A public debate in Parliament this week rejected a suggestion that the death penalty be used to deter drug offenders.

Tonga has been combatting a growing drug problem for the past several years, leading to the Speaker of Parliament, Lord Fakafanua, calling for a debate on the topic, ‘Capital punishment is the best deterrent for illicit drugs offences.’

But the debaters voted 38 to 8 against the proposal.

RNZ Pacific’s Tonga correspondent Kalafi Moala said the death penalty remains on the law books in Tonga, but has not been applied for more than 40 years.

He said many in the community feel there are alternatives when trying to deal with the drug problem.

“They feel that in dealing with the drugs situation they have many other things that can be a solution rather than trying to bring in capital punishment as a deterrent,” he said.

“For example there is now someone who is serving a life sentence for drugs in Hu’atolitoli Prison, so there was a call ‘why bring back capital punishment if the extreme things happen.”

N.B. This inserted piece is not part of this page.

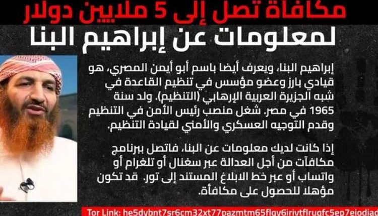 حيث أعلنت الولايات المتحدة الأميركية، الخميس، عن مكافأة مالية تصل إلى 5 ملايين دولار، مقابل الحصول على معلومات عن القيادي في تنظيم القاعدة باليمن المدعو إبراهيم البناء، والمعروف أيضاً باسم “أبو أيمن المصري”.
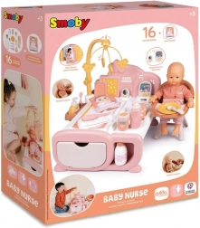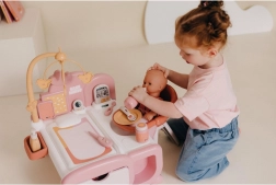 Colțul electronic Baby Nurse SMOBY este alegerea perfectă pentru micii îngrijitori. Trei zone de joacă – bucătărioară cu scăunel de hrănire, stație de îngrijire și pătuț cu carusel – susțin jocul creativ și dezvoltarea motricității fine, empatiei și imaginației. Camera integrată de jucărie și babysitter-ul electronic cu sunet adaugă o experiență autentică de îngrijire a bebelușului.

Former New Zealand prime minister Helen Clark said on X (formerly Twitter): “Death penalty cannot be justified in any circumstances.”

Capital Punishment Justice Project (formerly Reprieve Australia) also raised concern that the Tongan Parliament was debating on the topic, saying “even contemplating [death penalty] is a regressive step for a de facto abolitionist state”.

Moala said the last use of capital punishment in Tonga was in 1982 when three people were hanged for murder.

This is not the first time that capital punished has been suggested as a drug deterrent in the Kingdom.

In 2004, the Tongan Legislative Assembly, prior to the country becoming more democratic, had voted narrowly, 10-7, against a proposal to use it for possession of illicit drugs.